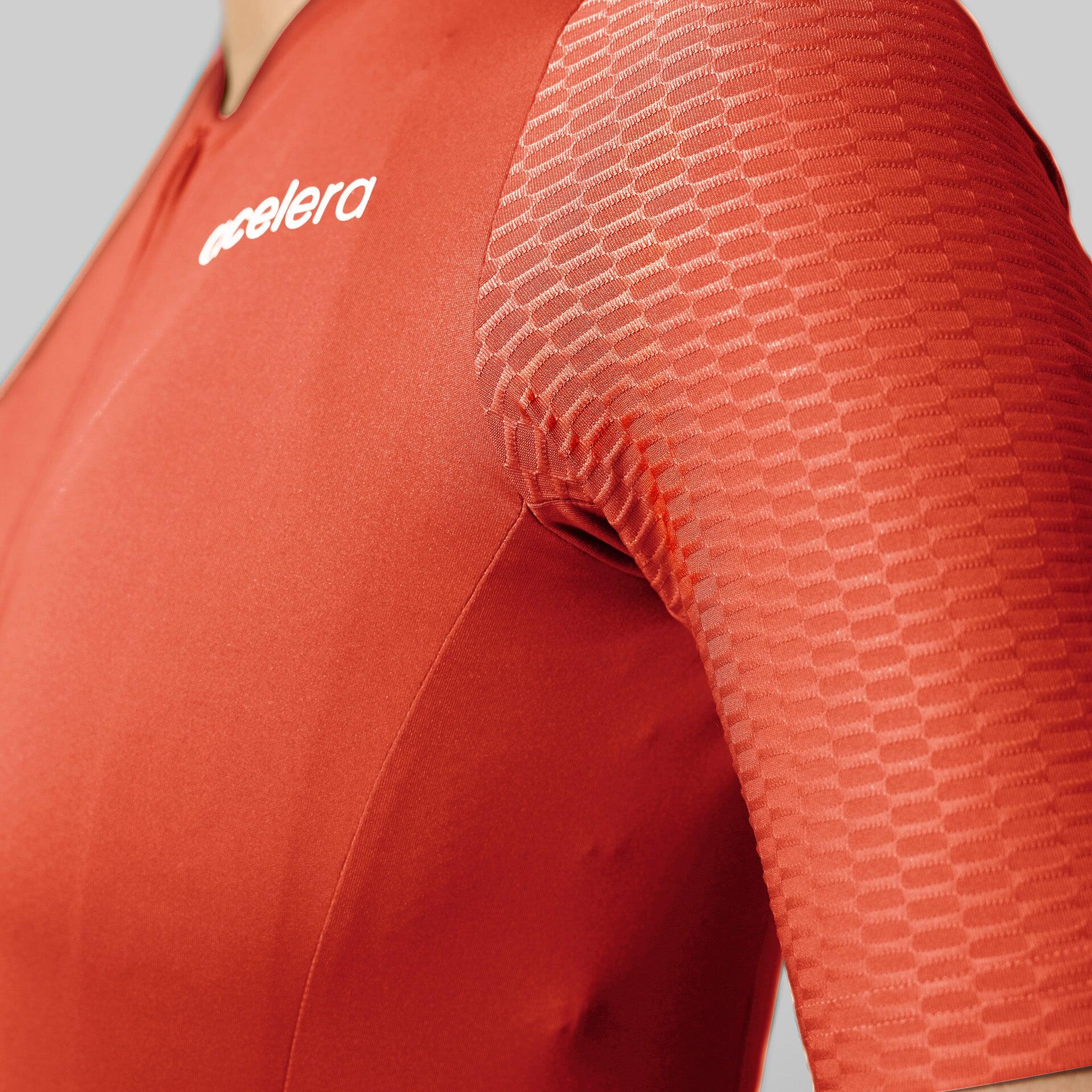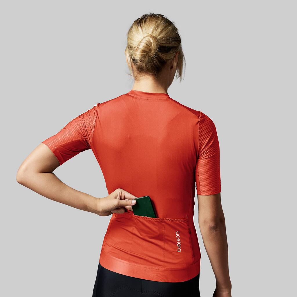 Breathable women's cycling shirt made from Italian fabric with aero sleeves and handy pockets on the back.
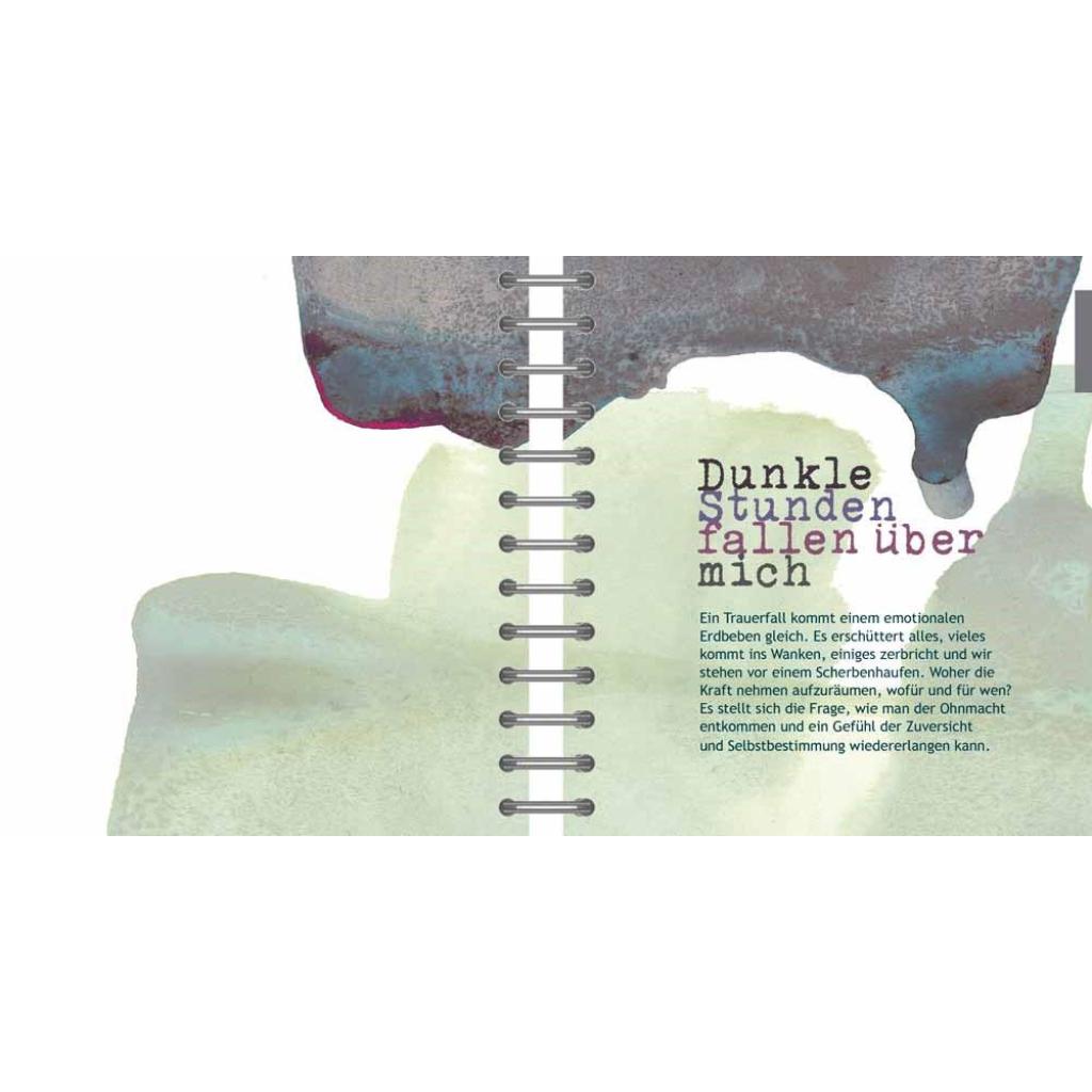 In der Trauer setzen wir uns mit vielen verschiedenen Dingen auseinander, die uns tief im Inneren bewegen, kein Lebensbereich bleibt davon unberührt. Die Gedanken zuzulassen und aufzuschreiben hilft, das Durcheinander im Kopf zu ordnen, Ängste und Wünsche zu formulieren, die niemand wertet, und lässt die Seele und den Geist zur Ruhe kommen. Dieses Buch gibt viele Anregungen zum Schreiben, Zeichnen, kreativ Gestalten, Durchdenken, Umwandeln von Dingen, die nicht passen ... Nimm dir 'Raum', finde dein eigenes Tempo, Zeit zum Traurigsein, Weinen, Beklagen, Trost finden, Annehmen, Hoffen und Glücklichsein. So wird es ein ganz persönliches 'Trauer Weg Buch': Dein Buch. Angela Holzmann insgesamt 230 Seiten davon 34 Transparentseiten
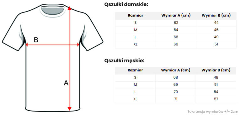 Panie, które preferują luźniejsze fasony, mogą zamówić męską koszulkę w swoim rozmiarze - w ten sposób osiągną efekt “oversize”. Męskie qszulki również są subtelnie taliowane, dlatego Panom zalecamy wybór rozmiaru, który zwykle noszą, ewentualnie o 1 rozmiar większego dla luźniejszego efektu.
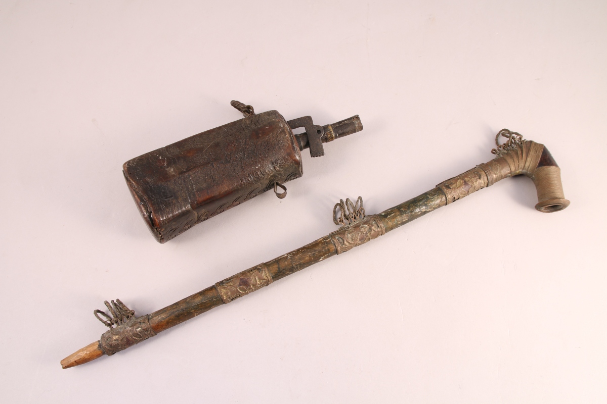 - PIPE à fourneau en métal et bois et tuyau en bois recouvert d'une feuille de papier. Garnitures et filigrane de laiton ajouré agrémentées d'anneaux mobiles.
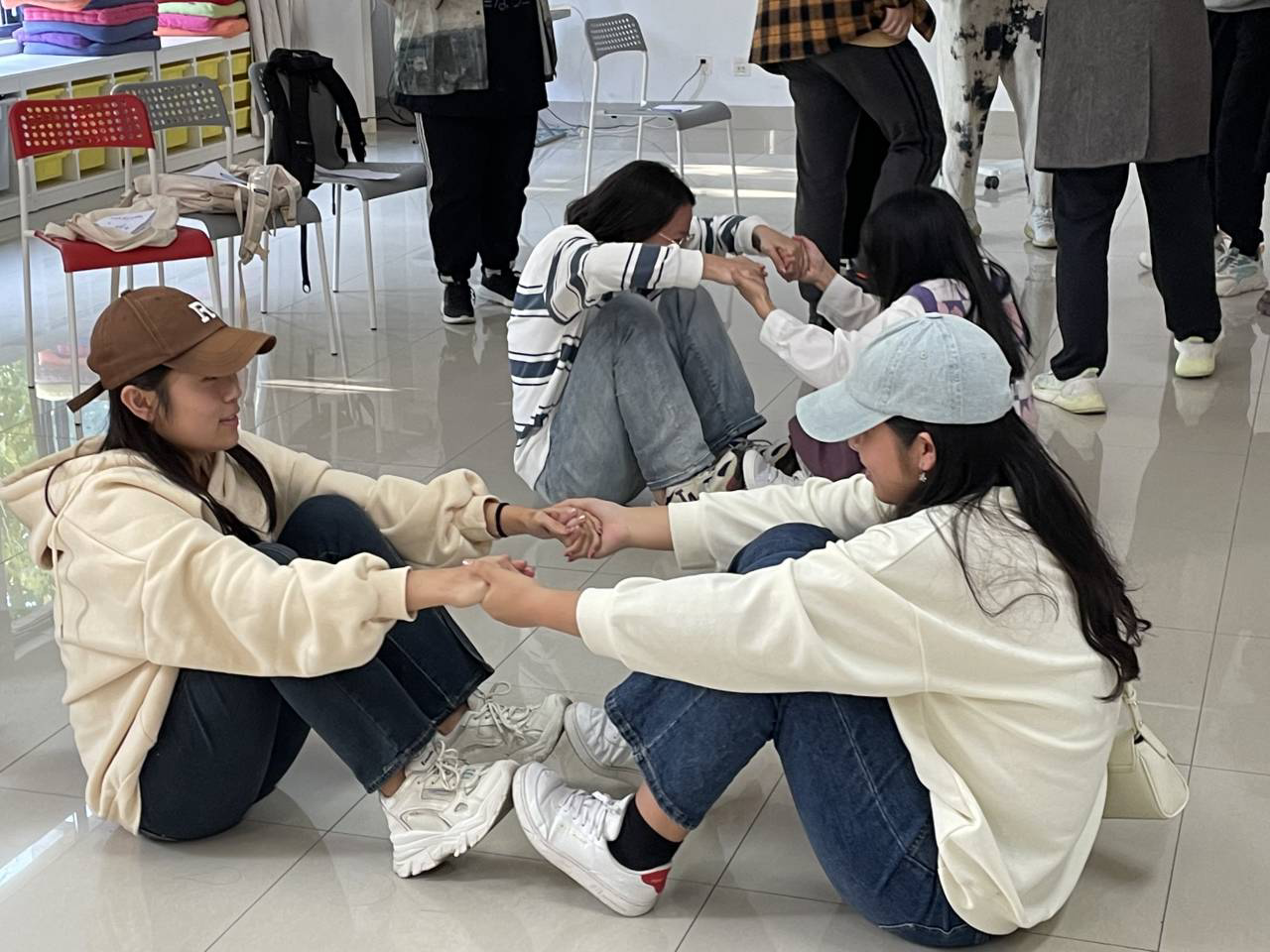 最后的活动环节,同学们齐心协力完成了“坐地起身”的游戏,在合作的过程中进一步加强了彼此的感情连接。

▸ **WORK REQUEST**: From the line holding "- PIPE à fourneau" down to the final line of the entries above, print every line exactly. Pictures do not go in.

▸ **SOLUTION**:
 - PIPE à fourneau en métal et bois et tuyau en bois recouvert d'une feuille de papier. Garnitures et filigrane de laiton ajouré agrémentées d'anneaux mobiles.
 最后的活动环节,同学们齐心协力完成了“坐地起身”的游戏,在合作的过程中进一步加强了彼此的感情连接。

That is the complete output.